Collected material below:

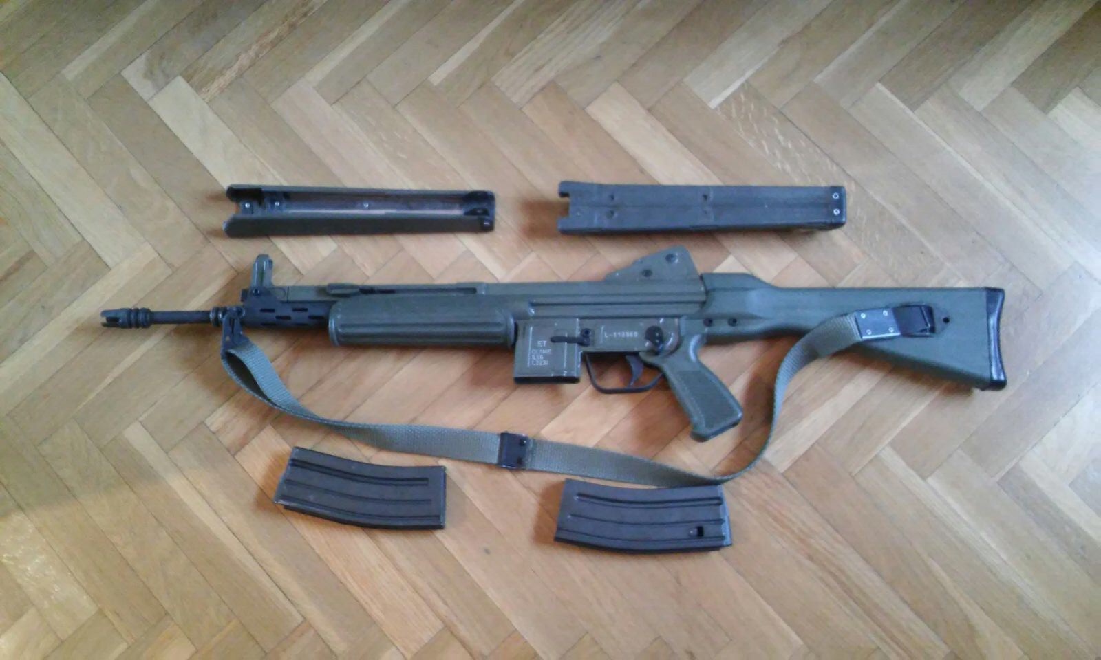 Buenas compañeros un amigo pone a la venta un Cetme L certificado de inutilizacion "BOPE" lo entrega con tres guardamanos ,correa porta fusa, y dos cargadores de 30 cartuchos, inutilizacion tres taladros en el cañon no visibles. 400€ El L esta en Madrid interesados contacten con Jesus 666810610 saludos
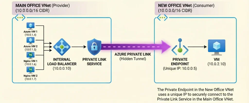 - In the New Office (Consumer) side, we create a "Private Endpoint." This is a special network interface that gets a unique IP address inside the New Office VNet.
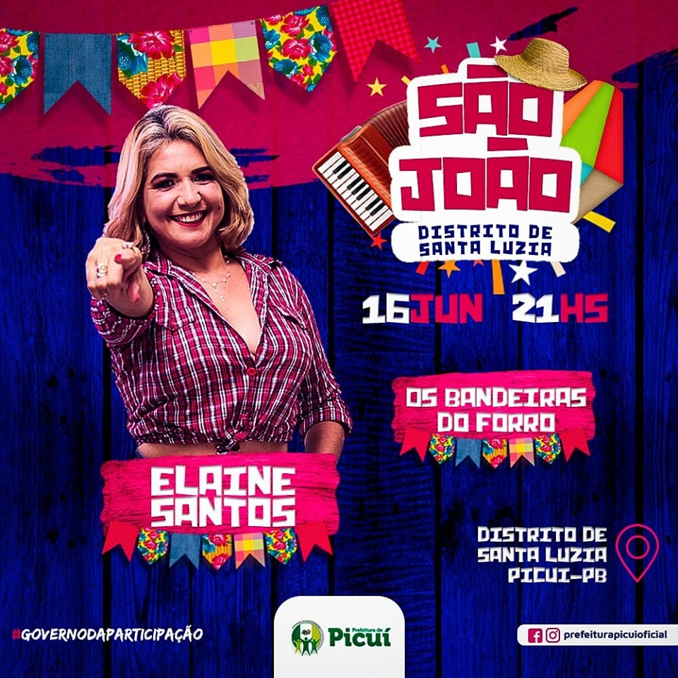 Neste domingo (16), Santa Luzia do Seridó, distrito de Picuí, estará vivenciando suas festividades juninas de 2019. De acordo com o prefeito Olivânio Remígio, a animação ficará por conta do forró pé de serra dos ‘Bandeiras do Forró’ e da cantora Elaine Santos – a revelação do forró romântico.

End of Collected material.

Your task:
Omitting all pictures, give the preceding listing again exactly.

Final answer:
 Buenas compañeros un amigo pone a la venta un Cetme L certificado de inutilizacion "BOPE" lo entrega con tres guardamanos ,correa porta fusa, y dos cargadores de 30 cartuchos, inutilizacion tres taladros en el cañon no visibles. 400€ El L esta en Madrid interesados contacten con Jesus 666810610 saludos
 - In the New Office (Consumer) side, we create a "Private Endpoint." This is a special network interface that gets a unique IP address inside the New Office VNet.
 Neste domingo (16), Santa Luzia do Seridó, distrito de Picuí, estará vivenciando suas festividades juninas de 2019. De acordo com o prefeito Olivânio Remígio, a animação ficará por conta do forró pé de serra dos ‘Bandeiras do Forró’ e da cantora Elaine Santos – a revelação do forró romântico.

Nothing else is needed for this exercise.